What "Ancient" Chinese Sounded Like - and how we know
Uncovering the Ancient Imperial Language of China
This transcript discusses the history of Chinese pronunciation and how scholars uncovered their ancient imperial language.
The Challenge of Recovering Ancient Pronunciations
- Chinese scholars were reconstructing proto-languages centuries before Europeans.
- Recovering the sounds immortalized in classical texts was a challenge.
- There were no recordings, phonetic transcriptions, or even an alphabet to work with.
- Scholars worked with characters, each one standing for a one-syllable word or word piece.
The Qièyùn Method
- Chen Li used the Qièyùn method to capture the sound of a syllable.
- The method involved using two more characters: an upper character to match the initial consonant and a lower character to rhyme with the final sounds, including tone.
- With this method, you can capture the sound of a syllable.
Organizing Phonology into Tables
- Rhymers needed to organize information into tables for an overview of Chinese phonology.
- The 12th century Rhyme Mirror is full of rime tables that give more info about syllables.
- Interpretation is debated.
Flaws in Previous Research
- Confident scholars spent centuries sounding out ancient Chinese syllables and teaching that Chinese had exactly 36 initial consonants.
- Chen Li's linked sets revealed flaws: there weren't 36 initials; there were 41. Five of them needed to be split in two.
- Later research showed that even the earlier stage itself is complicated.
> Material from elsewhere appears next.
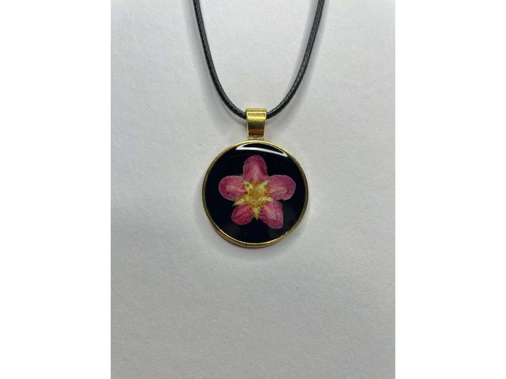Medailon je zasazený do bižuterní stříbrné slitiny. Nejedná se o chirurgickou ocel ani drahý kov, proto není vhodný pro extrémně citlivou pokožku. Každý kus je ručně vyráběný originál – kompozice květů, barev i podkladu se může lehce lišit.

It's a compromise between ancient literary dialects.
Precise Sounds
- In the early 1900s, a Swede traveled to China and dug into old rimes and tables but wanted precise sounds that fit into boxes for four tones, initials, and finals.
The Evolution of Chinese Pronunciation
This section discusses the evolution of Chinese pronunciation and how it has changed over time.
Ancient Pronunciations
- Korean, Japanese, and Vietnamese use Sino-Xenic pronunciations for Chinese characters.
- These pronunciations point back to an ancient pronunciation that ended in a consonant, like /kwək̚˧/.
- Linguists have refined these reconstructions and painted acoustic portraits of Ancient Chinese that would sound foreign in Mandarin today.
Middle Chinese
- "Middle" refers to a period in linguistic history called Middle Chinese.
- There is an even older language to uncover, a thousand years older still.
- Maybe one day we'll rhyme our way into Old Chinese.